If what you produce sucks, the word will get around quick; having used the
official Android toolchain won’t save you. And if it doesn’t suck, not having
used it won’t get in the way.

I’m actually a little puzzled by the Apple policy; the technical side I
mean, not the business issues, which Gruber
explains
with ruthless clarity. I can see Apple wanting to enforce the use of their
APIs, but the compulsory linkage to the Objective C programming
language makes me feel like I’m missing something; where is it carved in
stone that it provides the optimal, impossible-to-improve, way to use the
iPhone APIs?
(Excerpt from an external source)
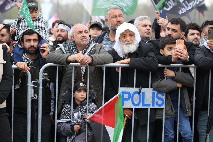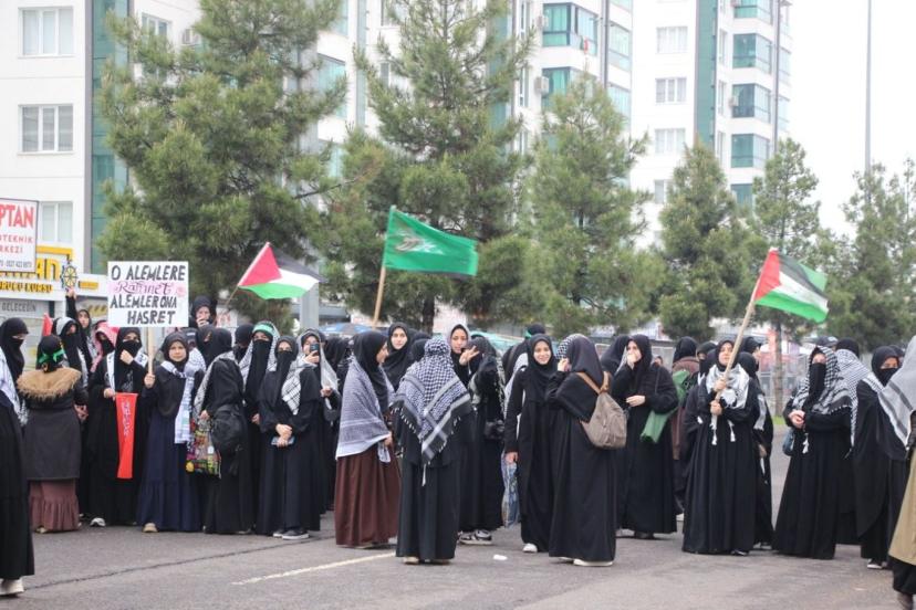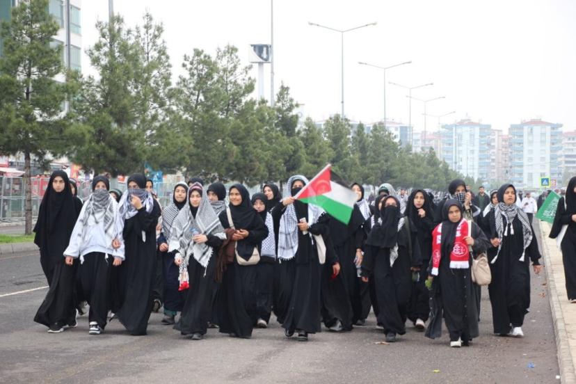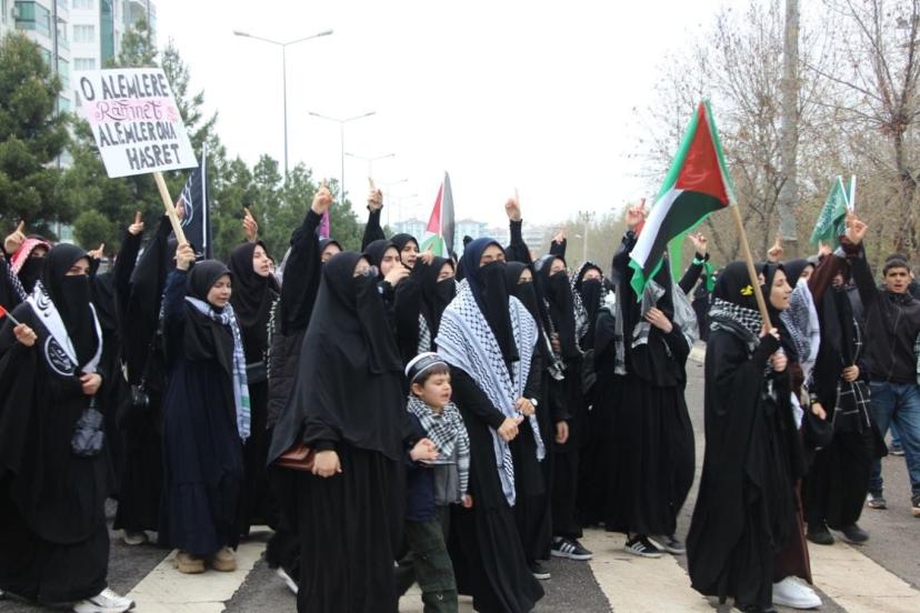 Katılımcılar ise ellerinde Tevhid ve Filistin bayrakları ile Hazreti Peygambere sevgilerini ifade eden pankart ve dövizlerle görsel şölen oluşturdu.

And if nobody’s allowed to try anything else, how will we find out?

Anyhow, the market will decide; the big small-m market, not the iPhone nor
Android Markets. But in the meantime, I’d say we’ve got more scope for fun
over here on the Android side.

Candidates
Right at the moment the Rubyists seem to be in the lead in this race, what
with
Ruboto and
Duby.
I can’t think of any architectural reasons why Jython shouldn’t be a
candidate, except for Sun let
Frank Wierzbicki go and I’m not
sure anyone’s working on it much, these days.

Also, in theory you ought to be able to use the
Android NDK to
get the native C versions of Ruby and/or Python going. It’d be a slog, but
the idea doesn’t seem insane.

There are lots of other languages, and maybe one of them is a better bet;
My focus on Python and Ruby reflects my own prejudices, but my
mind is open. And of course JavaScript is already a first-class
citizen pretty well everywhere.

In Conclusion
Got any good ideas for how to let me write serious, shippable Android code
without ever having to do this again?
HashMap<String, List<Person>> buf = new HashMap<String, List<Person>>();

If you do, get in touch. I might be able to help you help me.